#### Task to carry out
Transcribe the data exactly. Pictures stay out.

#### Stored data
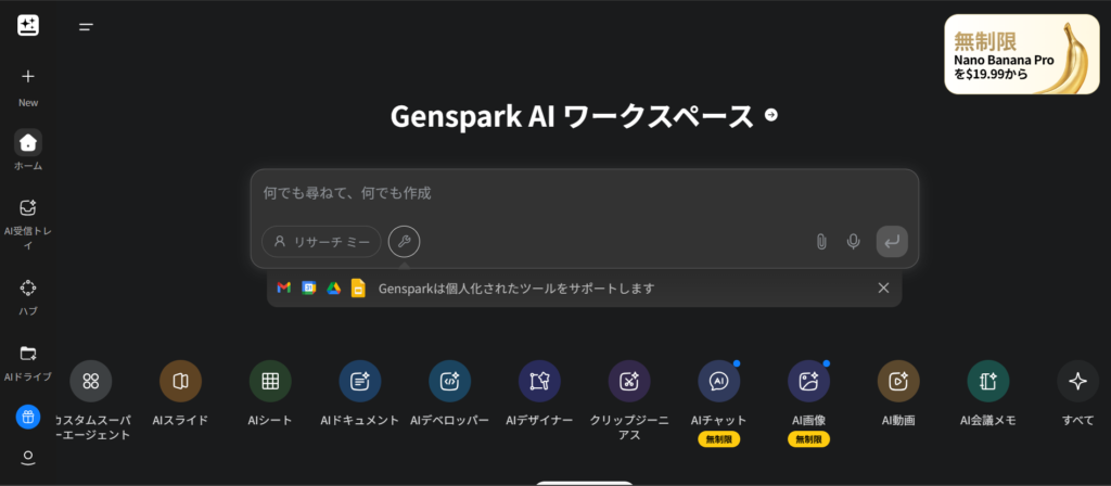 まず、Gensparkの検索窓に以下を入力。
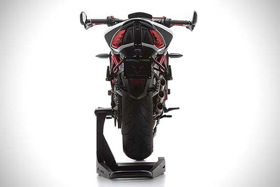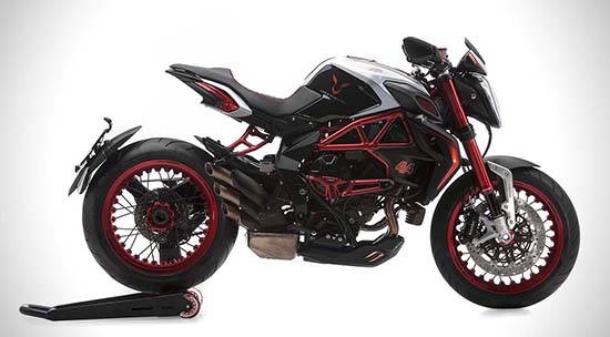 MV Agusta presented at EICMA 2015 a limited edition ‘Dragster RR LH44’ designed in collaboration with three time Formula 1 World Champion Lewis Hamilton. Painted in white ice pearl or metal black carbon, this impressive ride features most of the bodywork made from carbon fibre with a matt 3K finish, and comes powered by a 798 cc, three cylinder engine that pushes out 140 HP-EC (103 kW) at 13,100 rpm, using an advanced six injector system. Limited to only 244, the bike is now available to purchase through MVA’s dealer locator website. Check out the MV Agusta Dragster RR LH44 in action below.
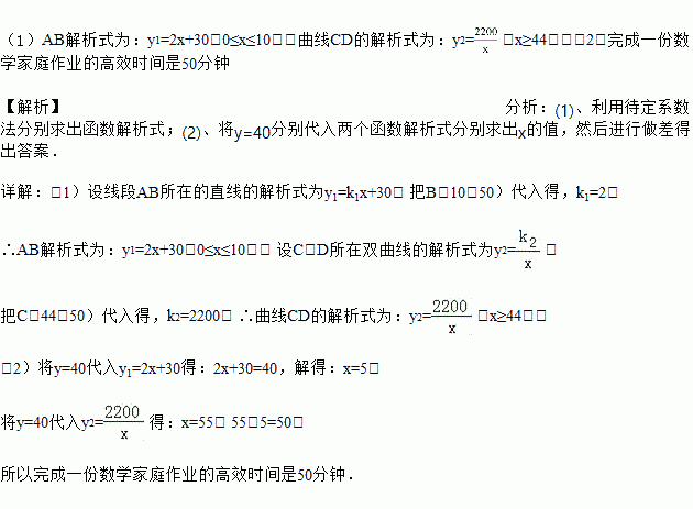 (2)若学生的注意力指数不低于40为高效时间,根据图中信息,求出一般情况下,完成一份数学家庭作业的高效时间是多少分钟?

#### Exercise response
 まず、Gensparkの検索窓に以下を入力。
 MV Agusta presented at EICMA 2015 a limited edition ‘Dragster RR LH44’ designed in collaboration with three time Formula 1 World Champion Lewis Hamilton. Painted in white ice pearl or metal black carbon, this impressive ride features most of the bodywork made from carbon fibre with a matt 3K finish, and comes powered by a 798 cc, three cylinder engine that pushes out 140 HP-EC (103 kW) at 13,100 rpm, using an advanced six injector system. Limited to only 244, the bike is now available to purchase through MVA’s dealer locator website. Check out the MV Agusta Dragster RR LH44 in action below.
 (2)若学生的注意力指数不低于40为高效时间,根据图中信息,求出一般情况下,完成一份数学家庭作业的高效时间是多少分钟?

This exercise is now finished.